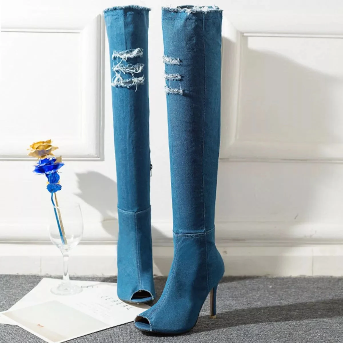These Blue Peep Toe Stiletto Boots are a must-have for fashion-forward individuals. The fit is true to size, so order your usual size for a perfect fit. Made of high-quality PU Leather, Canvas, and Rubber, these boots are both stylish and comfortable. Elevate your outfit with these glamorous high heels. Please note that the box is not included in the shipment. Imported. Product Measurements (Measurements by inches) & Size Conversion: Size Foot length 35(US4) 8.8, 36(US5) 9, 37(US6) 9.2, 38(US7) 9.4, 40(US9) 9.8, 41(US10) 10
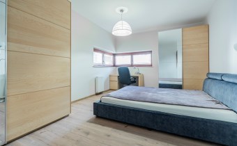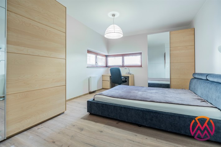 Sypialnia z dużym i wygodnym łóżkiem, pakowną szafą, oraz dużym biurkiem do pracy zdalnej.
...
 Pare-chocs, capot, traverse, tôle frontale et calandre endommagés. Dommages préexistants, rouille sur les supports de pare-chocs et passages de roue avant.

Task prompt → Reproduce word for word, with pictures dropped, only the part of the material above that opens with the line containing "These Blue Peep" and closes with the line containing "Sypialnia z dużym".

Solution to this problem →
These Blue Peep Toe Stiletto Boots are a must-have for fashion-forward individuals. The fit is true to size, so order your usual size for a perfect fit. Made of high-quality PU Leather, Canvas, and Rubber, these boots are both stylish and comfortable. Elevate your outfit with these glamorous high heels. Please note that the box is not included in the shipment. Imported. Product Measurements (Measurements by inches) & Size Conversion: Size Foot length 35(US4) 8.8, 36(US5) 9, 37(US6) 9.2, 38(US7) 9.4, 40(US9) 9.8, 41(US10) 10
 Sypialnia z dużym i wygodnym łóżkiem, pakowną szafą, oraz dużym biurkiem do pracy zdalnej.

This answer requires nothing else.